Court Opinion

ID: 8499920
Source: CourtListenerOpinion
Date Created: 2022-11-22 22:46:37.377605+00
Date Added: 2024-06-11T12:22:40.135617
License: Public Domain

MEMORANDUM OPINION AND ORDER REGARDING ADVERSARY COMPLAINT TO DETERMINE DISCHARGEABILITY (DOC. NO. 1)
CHARLES M. CALDWELL, Judge
This Memorandum Opinion and Order serves as the Court’s findings of fact and conclusions of law for the adversary proceeding filed by Richard W. Johnson (Plaintiff) against William A. and Katrina Y. Loomis (Defendants). It is based upon Section 523(a)(2)(A), (a)(2)(B), (a)(4), and (a)(6) of the United States Bankruptcy Code (Code). Plaintiff contends that two business loans totaling $8,000.00, and three credit card debts, are excepted from discharge. Considering the testimony and documents received into evidence, the Court finds and concludes that a portion of the debts are non-dischargeable. A brief history and bases for this ruling follow.
Plaintiff retired from a heating, ventilation, air-conditioning and cooling company (HVAC) after 38 years. Plaintiffs monthly retirement includes: Social Security ($1,760.00), a pension ($422.00), and rental income ($350.00). After Plaintiff retired, he attended the American School of Technology (AST), and earned HVAC, Refrigerant Handling, and EPA certifications. AST hired Plaintiff as an instructor before graduation, where he taught for approximately three years. Plaintiff and William A. Loomis (Defendant) met in 2008 while teaching HVAC courses at AST, and during that time became friends. Although AST later fired Defendant, the friendship endured, and indeed led to the financial losses suffered by Plaintiff.
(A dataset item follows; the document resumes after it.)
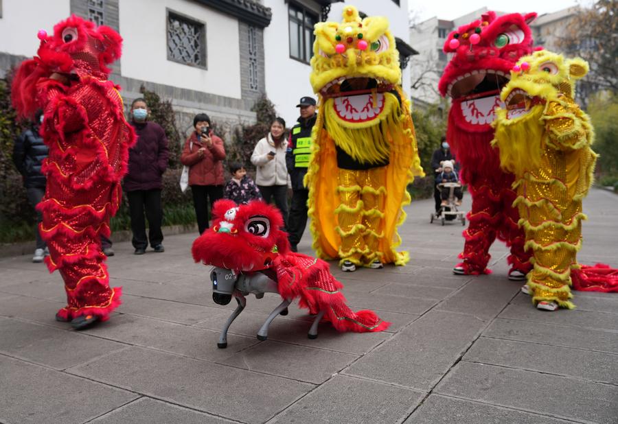 Um c?o rob? e atores realizam a dan?a do le?o durante uma feira de templo celebrando o Festival das Lanternas no distrito de Xihu em Hangzhou, província de Zhejiang, leste da China, em 11 de fevereiro de 2025. (Foto: Han Chuanhao/Xinhua)

Approximately a year later, on September 11, 2009, Defendant and his wife, Katrina Y. Loomis formed Restaurant Services of Ohio LLC (Restaurant Services), which provided HVAC and maintenance services to restaurants, such as Burger King. Defendant occasionally called upon Plaintiff to help troubleshoot HVAC problems for Restaurant Services. By 2011 Plaintiff started helping Restaurant Services complete work orders on a regular basis. Plaintiff enjoyed working, but never accepted payment, for fear that he would lose his Social Security benefits. However, while working on jobs, Plaintiff routinely purchased parts on his personal credit card, and then was reimbursed by Defendant.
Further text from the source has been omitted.